[Data excerpts]
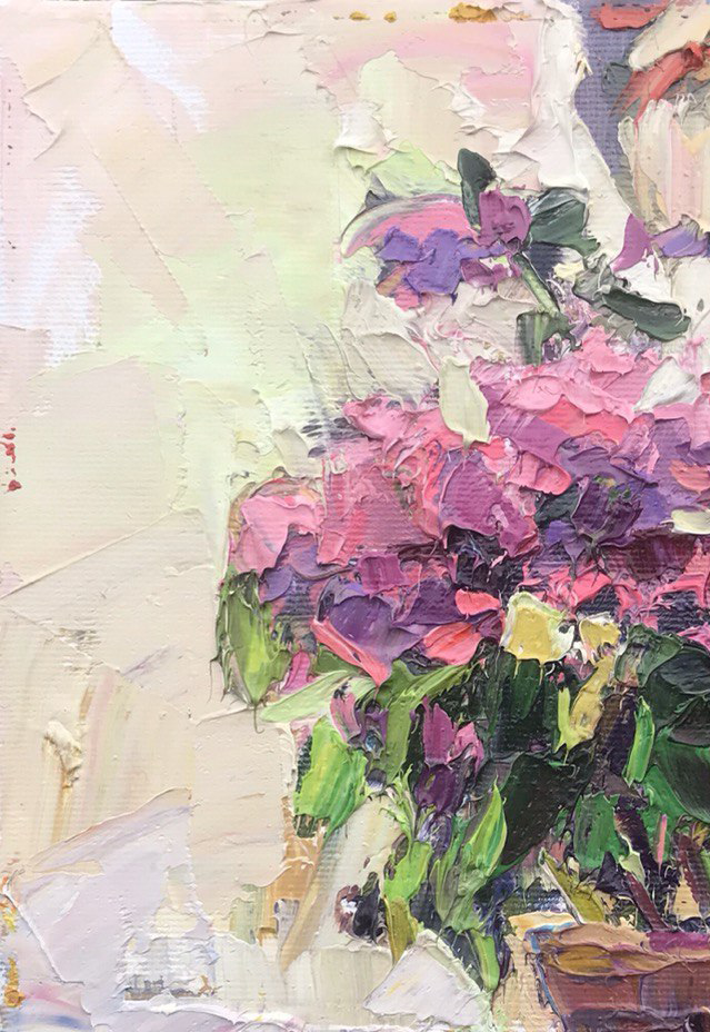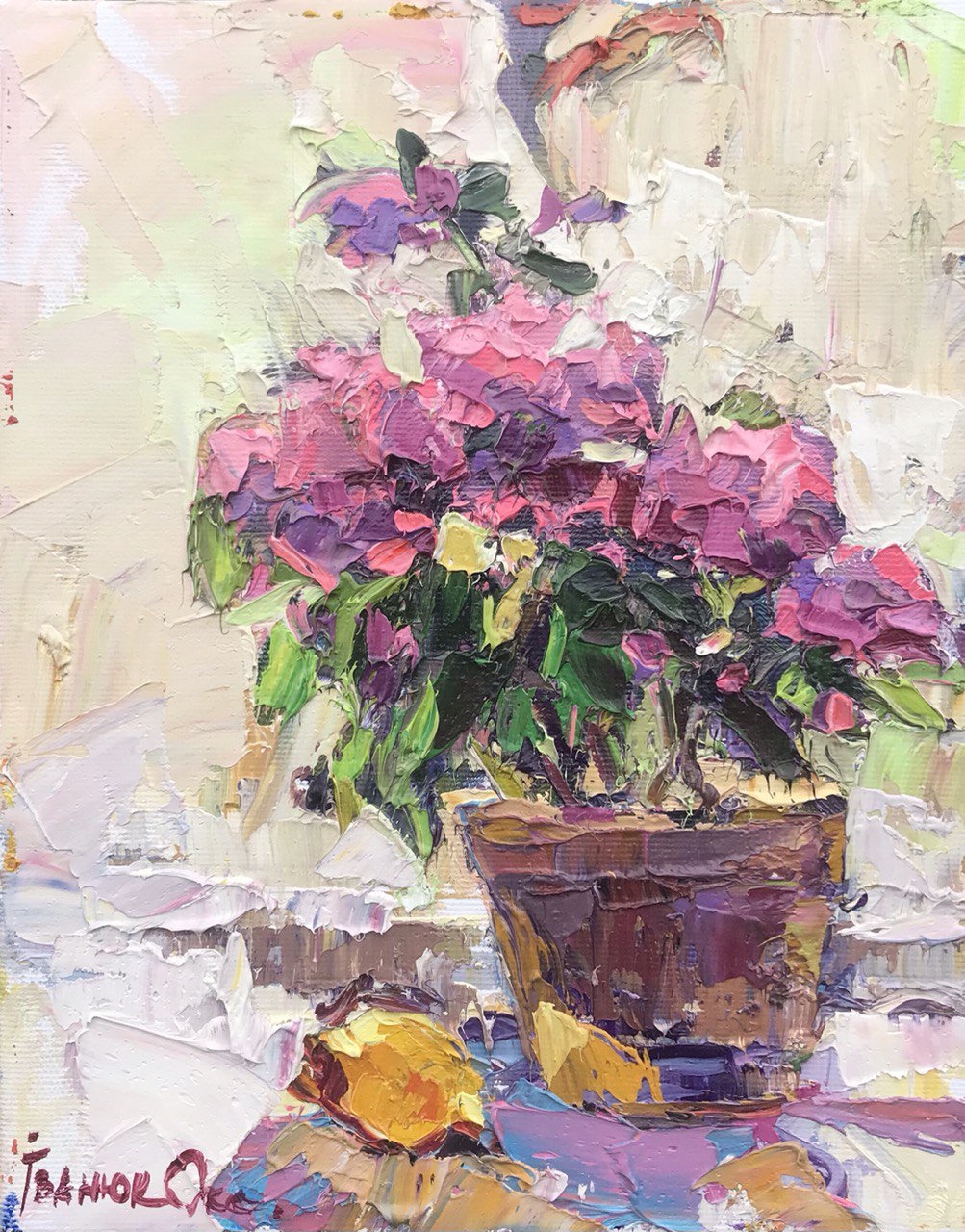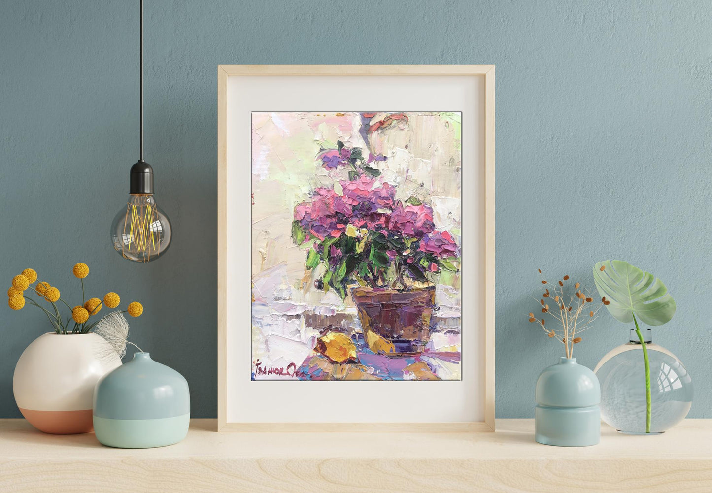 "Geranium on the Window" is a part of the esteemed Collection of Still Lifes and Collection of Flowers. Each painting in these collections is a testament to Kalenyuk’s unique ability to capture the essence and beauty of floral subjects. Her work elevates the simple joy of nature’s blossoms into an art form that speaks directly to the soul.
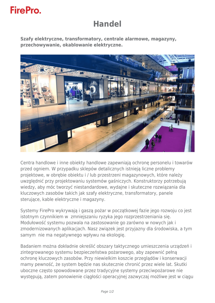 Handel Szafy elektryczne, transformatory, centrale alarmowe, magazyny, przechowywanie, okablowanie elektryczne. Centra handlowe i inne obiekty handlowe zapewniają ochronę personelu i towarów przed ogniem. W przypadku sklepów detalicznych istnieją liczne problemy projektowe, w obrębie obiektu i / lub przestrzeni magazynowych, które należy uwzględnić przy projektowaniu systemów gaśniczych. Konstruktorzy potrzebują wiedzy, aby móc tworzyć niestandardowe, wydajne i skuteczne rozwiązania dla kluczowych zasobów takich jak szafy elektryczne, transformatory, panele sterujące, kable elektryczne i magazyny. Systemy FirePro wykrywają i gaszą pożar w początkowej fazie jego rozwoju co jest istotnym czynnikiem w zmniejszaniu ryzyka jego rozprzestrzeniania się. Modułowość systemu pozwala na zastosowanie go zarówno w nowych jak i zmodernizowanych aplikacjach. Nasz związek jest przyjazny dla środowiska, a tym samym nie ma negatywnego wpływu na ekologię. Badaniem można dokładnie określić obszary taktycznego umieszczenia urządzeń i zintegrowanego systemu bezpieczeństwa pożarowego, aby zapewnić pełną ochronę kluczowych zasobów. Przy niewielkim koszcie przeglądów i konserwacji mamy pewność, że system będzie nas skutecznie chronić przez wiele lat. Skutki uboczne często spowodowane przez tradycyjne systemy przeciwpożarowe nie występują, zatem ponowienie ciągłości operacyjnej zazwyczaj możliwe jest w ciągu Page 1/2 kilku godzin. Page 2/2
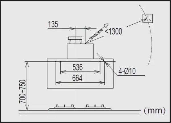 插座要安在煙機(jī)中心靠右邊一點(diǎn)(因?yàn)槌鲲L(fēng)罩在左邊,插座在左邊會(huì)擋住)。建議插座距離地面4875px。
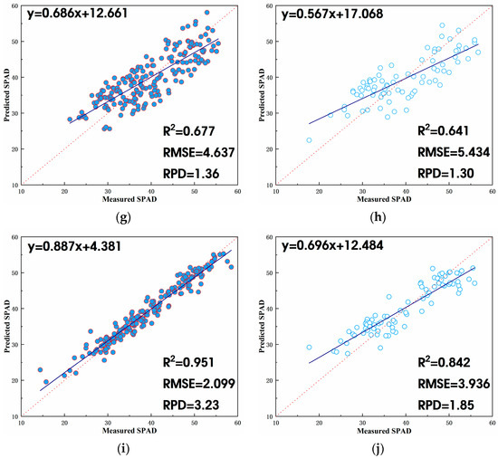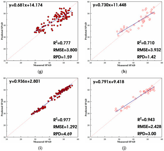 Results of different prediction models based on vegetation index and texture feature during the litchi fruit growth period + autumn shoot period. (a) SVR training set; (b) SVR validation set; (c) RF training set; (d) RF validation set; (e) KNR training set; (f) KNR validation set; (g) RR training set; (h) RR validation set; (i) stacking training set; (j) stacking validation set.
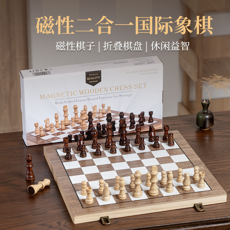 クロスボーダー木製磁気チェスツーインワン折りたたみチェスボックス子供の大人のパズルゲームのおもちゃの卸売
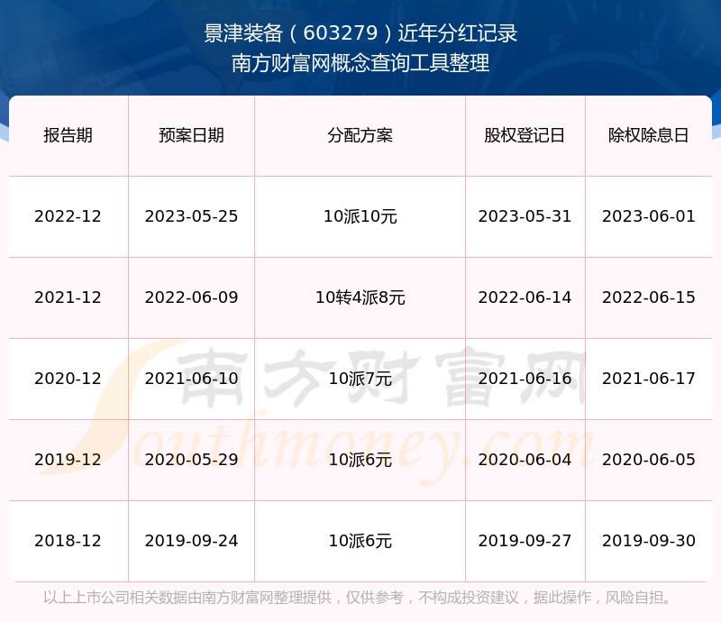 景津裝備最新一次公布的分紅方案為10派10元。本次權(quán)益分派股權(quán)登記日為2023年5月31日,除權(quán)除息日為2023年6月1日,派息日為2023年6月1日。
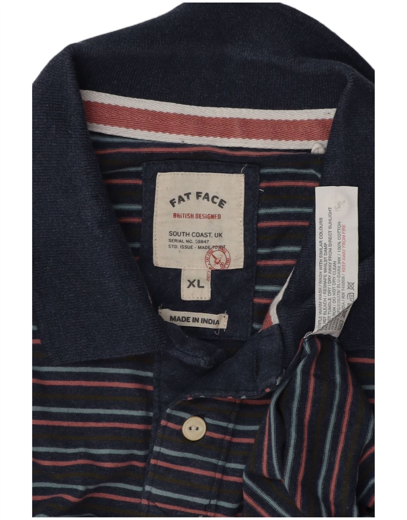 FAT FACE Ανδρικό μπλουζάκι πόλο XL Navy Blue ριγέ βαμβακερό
==
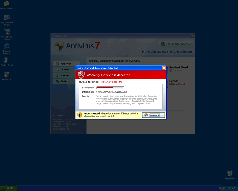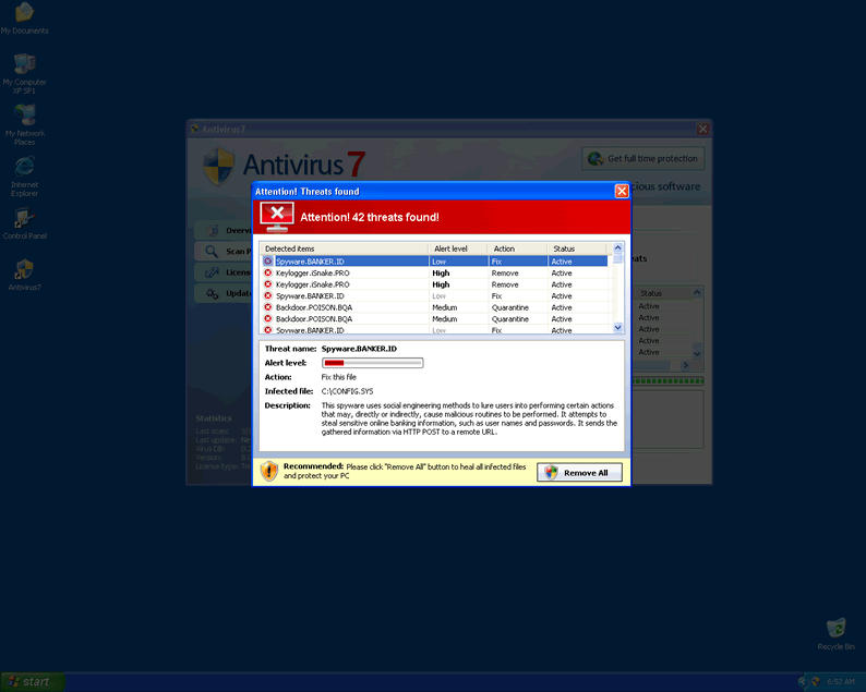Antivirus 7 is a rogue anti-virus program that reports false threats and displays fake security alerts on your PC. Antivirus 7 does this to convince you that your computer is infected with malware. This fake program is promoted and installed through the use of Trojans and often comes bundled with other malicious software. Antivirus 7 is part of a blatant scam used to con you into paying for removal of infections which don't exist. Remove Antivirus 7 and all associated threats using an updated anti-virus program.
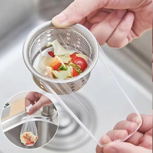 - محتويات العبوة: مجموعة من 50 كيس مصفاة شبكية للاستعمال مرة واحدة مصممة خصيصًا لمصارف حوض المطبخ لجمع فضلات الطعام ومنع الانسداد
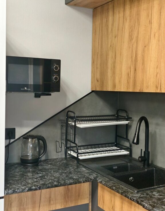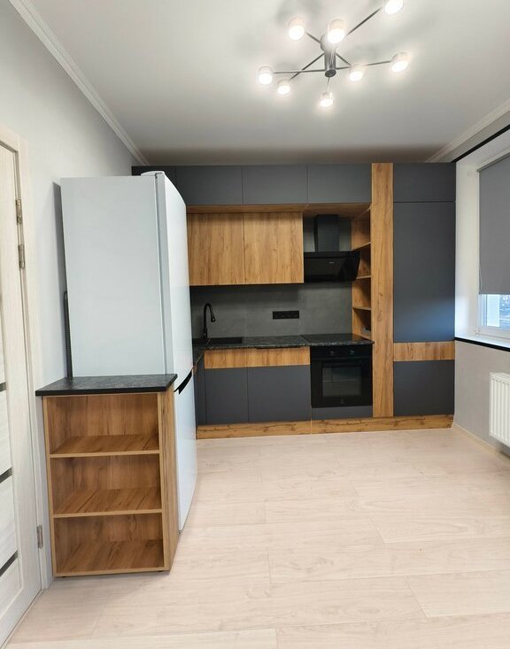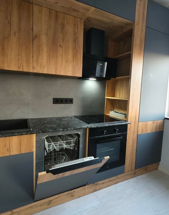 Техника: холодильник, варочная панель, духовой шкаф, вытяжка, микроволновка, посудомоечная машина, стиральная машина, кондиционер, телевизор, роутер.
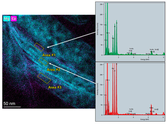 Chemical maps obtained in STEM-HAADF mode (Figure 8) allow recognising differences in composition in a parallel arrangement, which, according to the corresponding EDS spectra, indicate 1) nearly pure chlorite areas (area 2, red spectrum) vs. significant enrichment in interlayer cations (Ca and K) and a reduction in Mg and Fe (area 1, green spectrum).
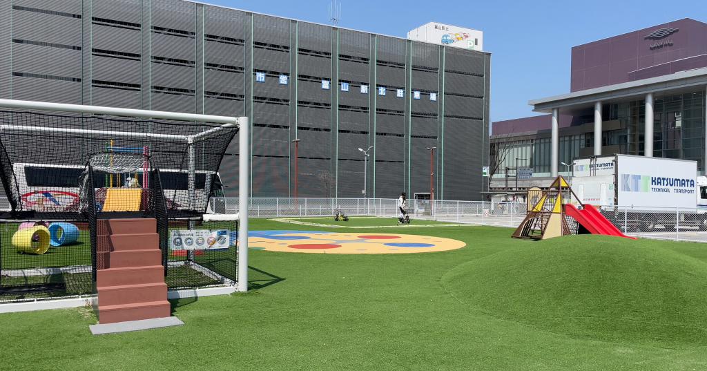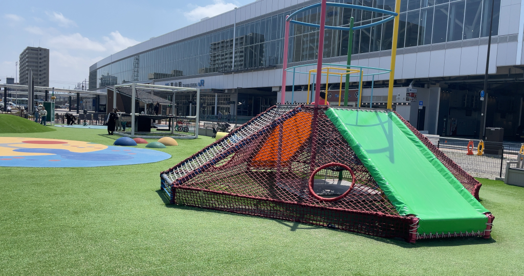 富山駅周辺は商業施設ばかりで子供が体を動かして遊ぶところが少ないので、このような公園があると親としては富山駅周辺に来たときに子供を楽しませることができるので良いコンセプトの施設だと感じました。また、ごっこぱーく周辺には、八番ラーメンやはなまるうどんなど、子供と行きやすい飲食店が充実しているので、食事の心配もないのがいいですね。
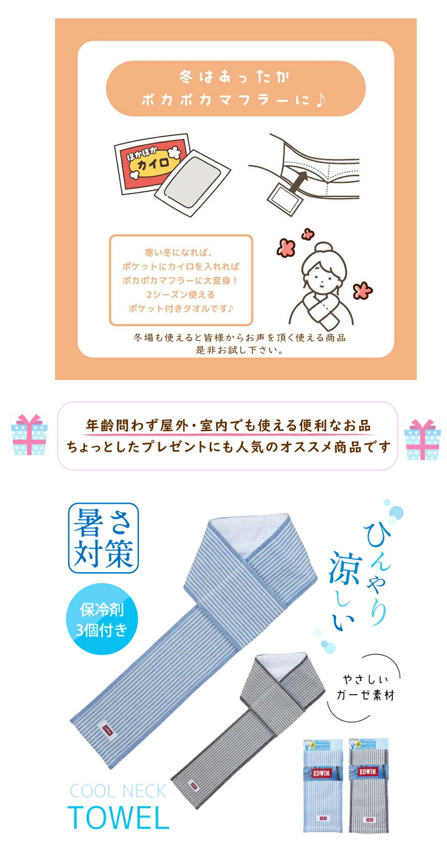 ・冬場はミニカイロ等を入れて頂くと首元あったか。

- What the task asks -
Exact copy, no pictures. Write out the lines in the entries above, starting with the line with "to the soul." and going on through the line with "插座要安在煙機(jī)中心靠", keeping both.

- Reply -
 "Geranium on the Window" is a part of the esteemed Collection of Still Lifes and Collection of Flowers. Each painting in these collections is a testament to Kalenyuk’s unique ability to capture the essence and beauty of floral subjects. Her work elevates the simple joy of nature’s blossoms into an art form that speaks directly to the soul.
 Handel Szafy elektryczne, transformatory, centrale alarmowe, magazyny, przechowywanie, okablowanie elektryczne. Centra handlowe i inne obiekty handlowe zapewniają ochronę personelu i towarów przed ogniem. W przypadku sklepów detalicznych istnieją liczne problemy projektowe, w obrębie obiektu i / lub przestrzeni magazynowych, które należy uwzględnić przy projektowaniu systemów gaśniczych. Konstruktorzy potrzebują wiedzy, aby móc tworzyć niestandardowe, wydajne i skuteczne rozwiązania dla kluczowych zasobów takich jak szafy elektryczne, transformatory, panele sterujące, kable elektryczne i magazyny. Systemy FirePro wykrywają i gaszą pożar w początkowej fazie jego rozwoju co jest istotnym czynnikiem w zmniejszaniu ryzyka jego rozprzestrzeniania się. Modułowość systemu pozwala na zastosowanie go zarówno w nowych jak i zmodernizowanych aplikacjach. Nasz związek jest przyjazny dla środowiska, a tym samym nie ma negatywnego wpływu na ekologię. Badaniem można dokładnie określić obszary taktycznego umieszczenia urządzeń i zintegrowanego systemu bezpieczeństwa pożarowego, aby zapewnić pełną ochronę kluczowych zasobów. Przy niewielkim koszcie przeglądów i konserwacji mamy pewność, że system będzie nas skutecznie chronić przez wiele lat. Skutki uboczne często spowodowane przez tradycyjne systemy przeciwpożarowe nie występują, zatem ponowienie ciągłości operacyjnej zazwyczaj możliwe jest w ciągu Page 1/2 kilku godzin. Page 2/2
 插座要安在煙機(jī)中心靠右邊一點(diǎn)(因?yàn)槌鲲L(fēng)罩在左邊,插座在左邊會(huì)擋住)。建議插座距離地面4875px。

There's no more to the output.